DOH! That's right, the I-can-be-anybody babe did come get HRG to head off to Isaac's joint. Sooooo she can be in more than one person in more than one place at a time!! Voila!! It work's out grea....uhhh not so great eh?
Still doesn't make sense for HRG to be so sloppy. He's better than that. Hmmmmm


----------



## WinBear (Aug 24, 2000)

busyba said:


> Except on the heels of the first conversation between HRG and wife, Mystique walks into the hotel room while the wife is standing right there.


Since her power is illusory, she could have been both women.


----------



## JYoung (Jan 16, 2002)

logic88 said:


> How 'bout Lady Mastermind?


I still say Princess Projectra! 

I've seen "Glamour Girl" used on other forums.


----------



## Dennis Wilkinson (Sep 24, 2001)

danterner said:


> Plus, Hiro used his powers with Charlie when he went back in time. Didn't he make all of those origami cranes? But I think Philosofy's idea is that Ando boosts powers, not that Hiro *must* be around Ando for Hiro's power to work. I like this idea. I can't, however, think of any instances where Ando has boosted anyone else's power - Ando's been around Nathan, and Niki, and probably a bunch of other people that I'm forgetting, but we haven't seen their power boosted by his presence, have we?

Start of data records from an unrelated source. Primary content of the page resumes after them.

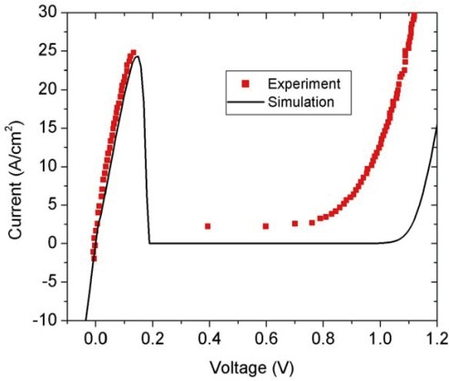 通过仿真计算可得到能带图、IV曲线、IQE、Power曲线、载流子分布图、辐射复合率、电场分布图、子带分布等各种数据图像,借助仿真数据分析器件物理机制。 结果展示 半导体激光器模拟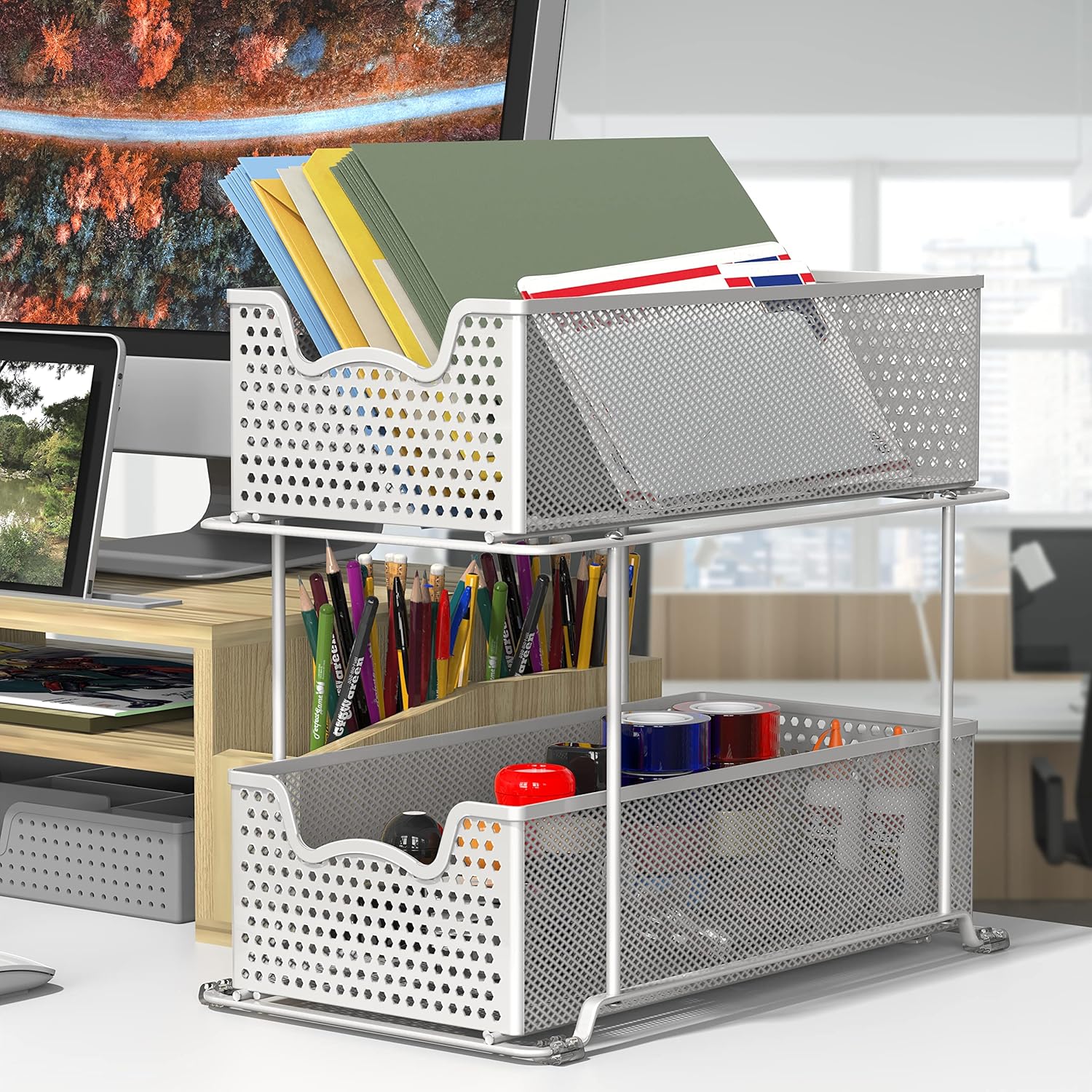 SIMPLE HOUSEWARE 2 Tier Sliding Cabinet Basket Organizer Drawer, White
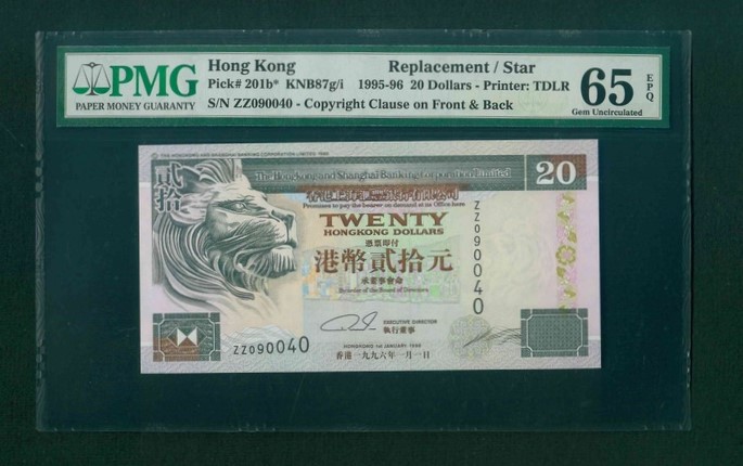 1996 香港上海滙豐銀行 $20 PMG 65 EPQ 編號: ZZ090040(補版系列,頂級雪白)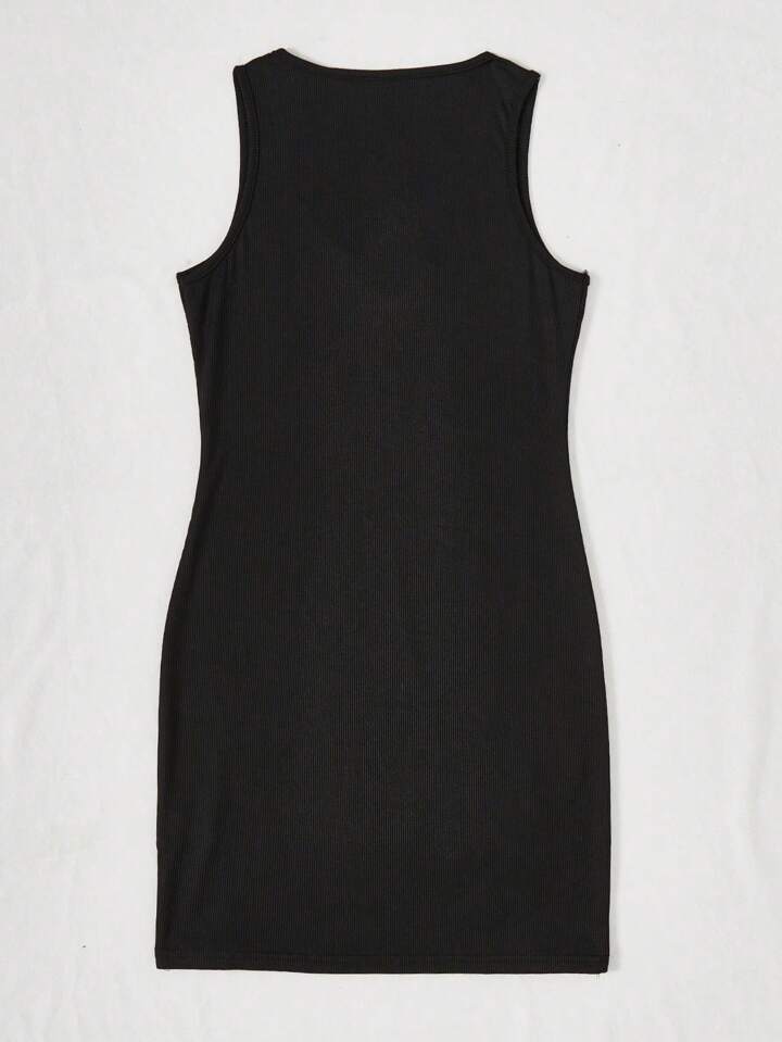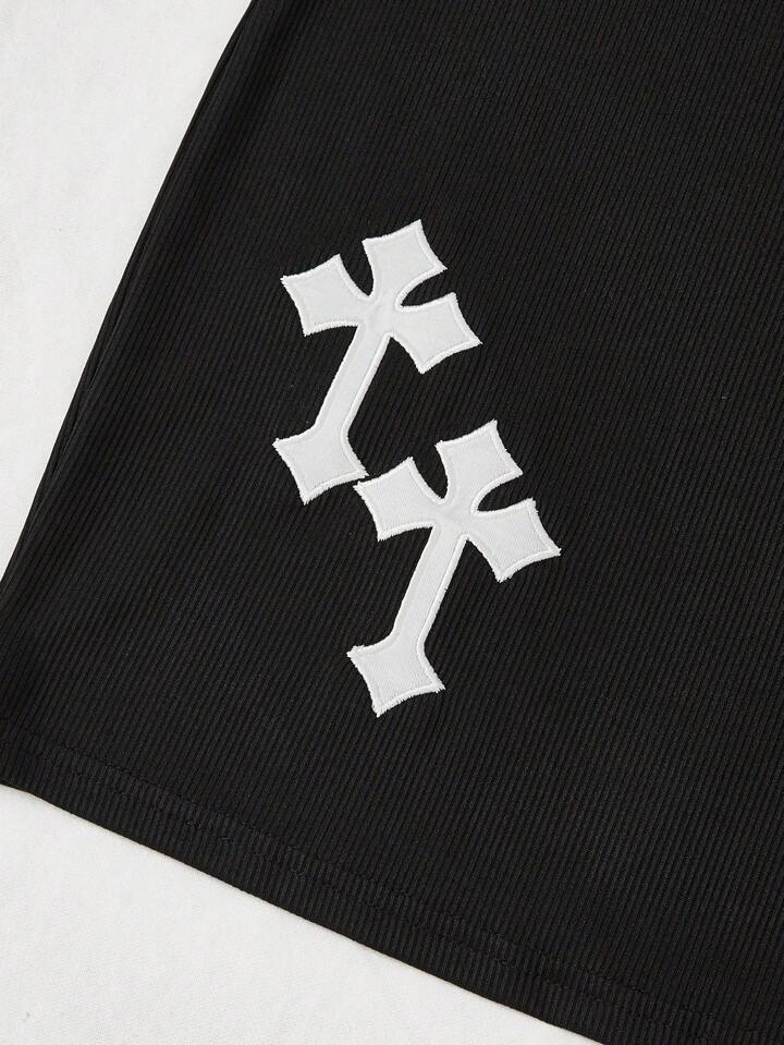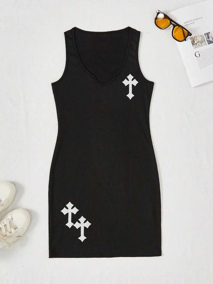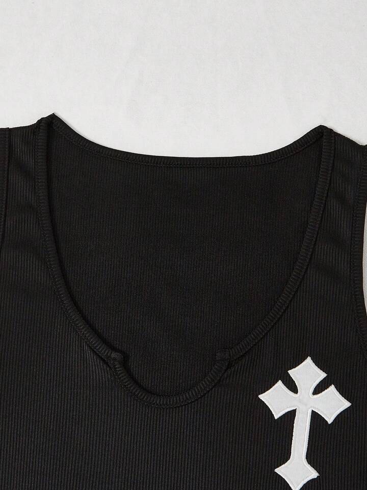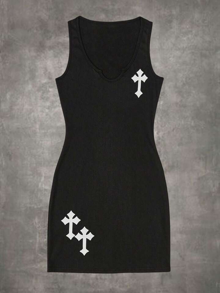 Grunge Punk Cross Embroidery Ribbed Tank Dress, School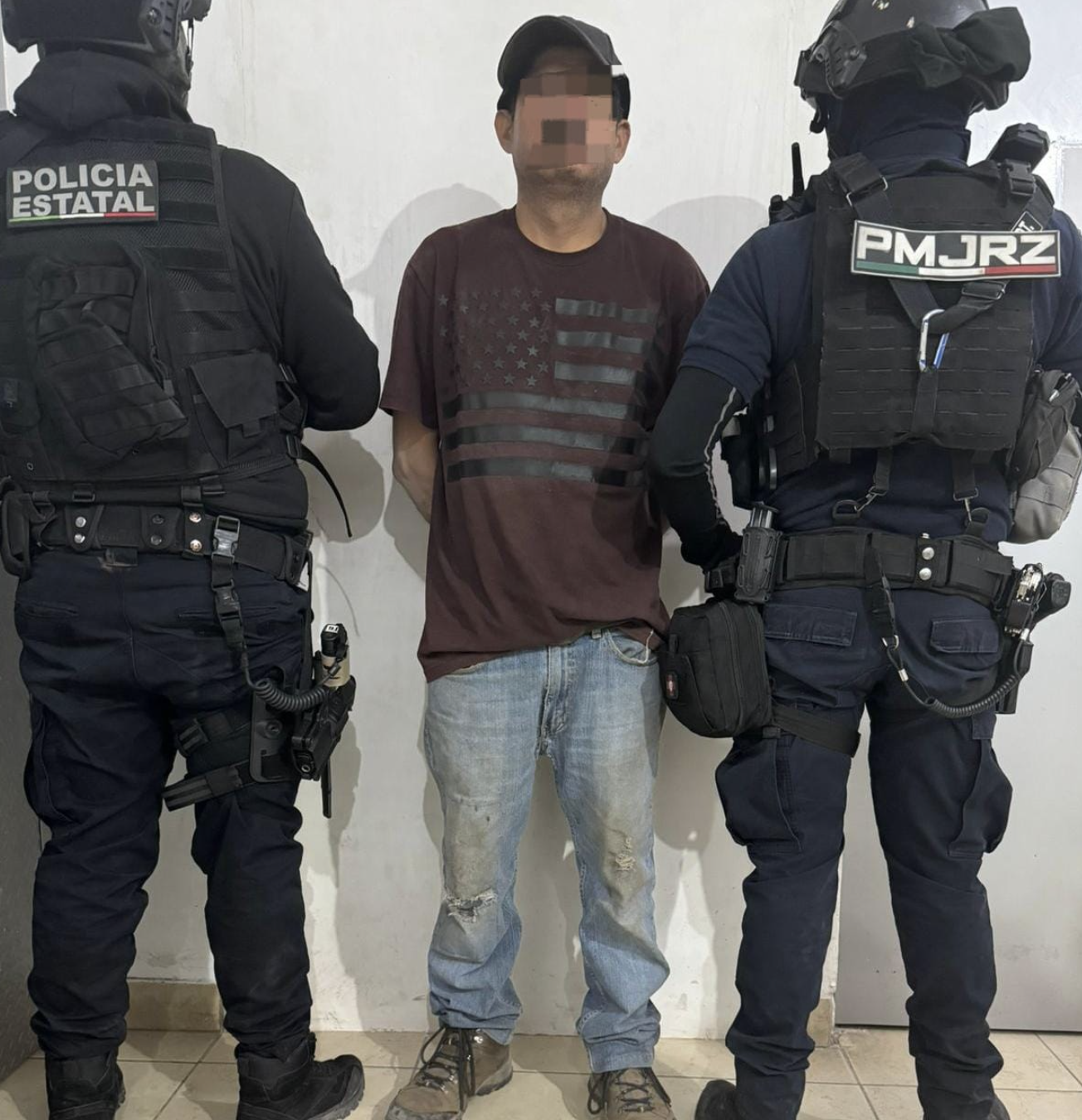Jerez, Zac., 18 de enero de 2024.- Fuerzas de seguridad de Zacatecas que se desplegaron en Jerez debido al reporte de detonaciones en la colonia Zaragoza, detuvieron a dos personas por su probable responsabilidad en el delito de lesiones y por la posesión de un arma de fuego.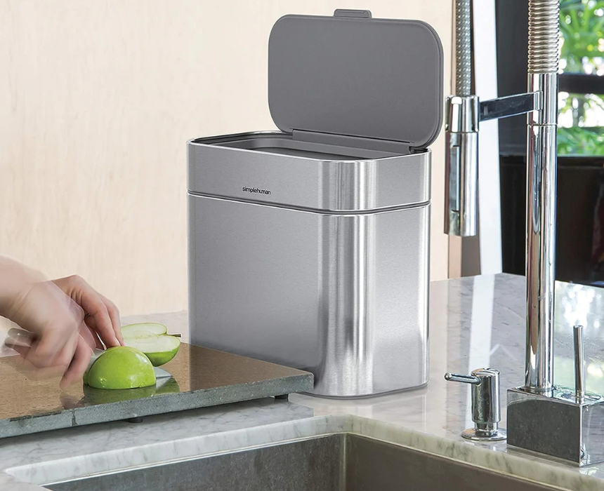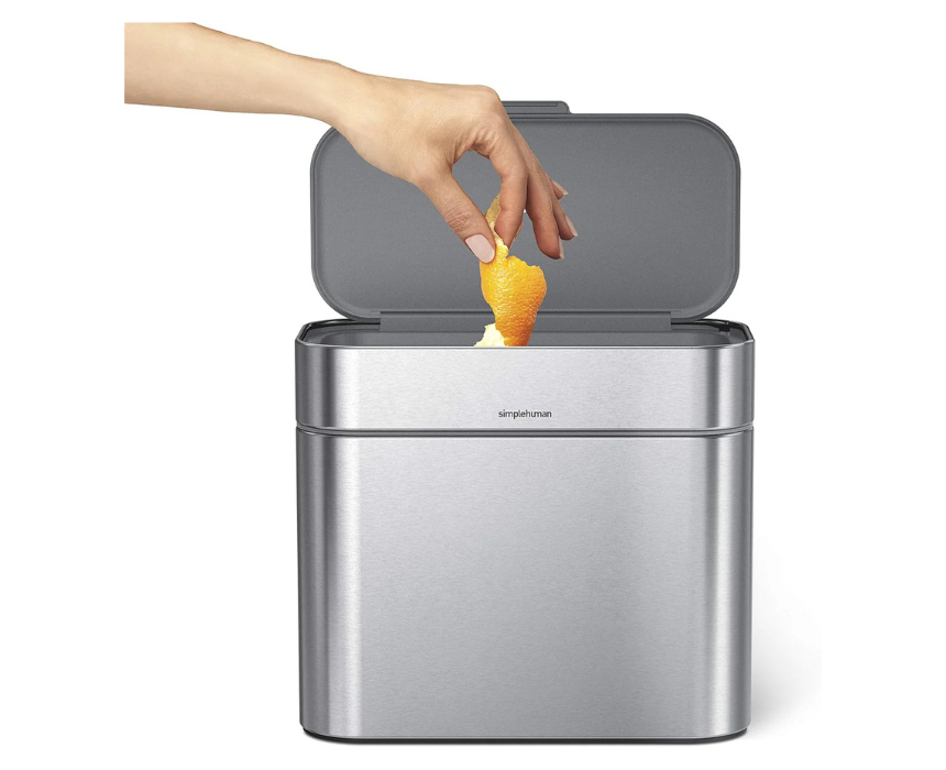 The simplehuman Compost Caddy in 4L 1.06 gallon capacity is crafted from brushed stainless steel for a durable, odor-resistant solution to kitchen composting. Its compact design fits conveniently on countertops or under sinks, and it is best styled as an eco-friendly addition to modern or minimalist kitchens.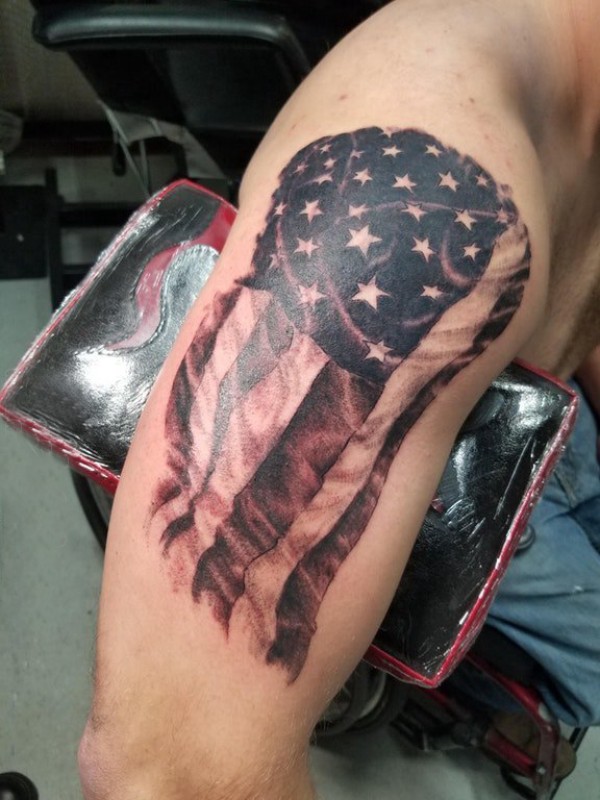 双大臂纹身 男生大臂上黑色的国旗纹身图片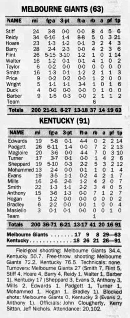 | 11/20/1996 | Melbourne | W | 84-51 | Exhibition  |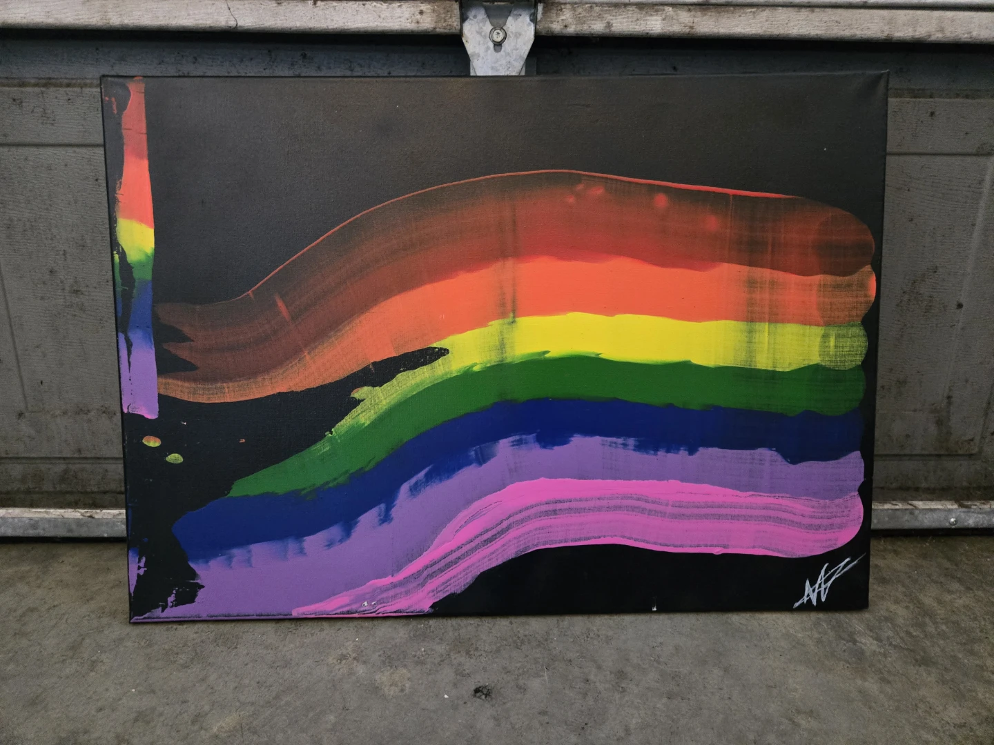 Handpainted abstract rainbow art on a large canvas. Features bold brush strokes in a spectrum of colours against a black background. Signed by me on the bottom right.

Would we notice if he did? I'm not sure what, for example, Parkman's powers would look like "amplified."

Of course, if he does boost other's powers, and Peter somehow ends up with Ted's, might that contribute to Peter losing control and detonating?


----------



## Jericho Dog (Feb 10, 2006)

drew2k said:


> I don't think we've had an answer for why Peter got so sick in Odessa. I would love to know what happened to him ...


Didn't Claude tell Peter that he was sick because his body was adjusting to all the powers he was absorbing?

Didn't he relieve the pressure with the whole wax-on, wax-off thing?


----------



## unicorngoddess (Nov 20, 2005)

WinBear said:


> Since her power is illusory, she could have been both women.


That's a good theory too. Because what was with the whole "I like your hair" line??? Her hair wasn't even fixed up at the time. But when you think of it as a conceited-type comment made to herself, it seems to make more since.

But how would she have the note that HRG wrote himself? Maybe the company has already gotten to his wife and son....


----------



## MFruchey (May 25, 2006)

Gunnyman said:


> I'll just call her the "hot *****"


Direct and to the point. I'll vote for that one.


----------



## PJO1966 (Mar 5, 2002)

busyba said:


> Except on the heels of the first conversation between HRG and wife, Mystique walks into the hotel room while the wife is standing right there.


Also, in the first conversation with his wife, her cell phone rings and the ringtone is a dog barking. Just before "The Projectionist" reveals herself, her cell phone rings with a normal ringtone.


----------



## glumlord (Oct 27, 2003)

Billyh1026 said:


> If you look closer you'll see
> 
> 
> 
> ...


I don't think so.



Spoiler



I watched the preview again and there are two scenes.

1) Someone falling from Ceiling, and yes this is Mohinder.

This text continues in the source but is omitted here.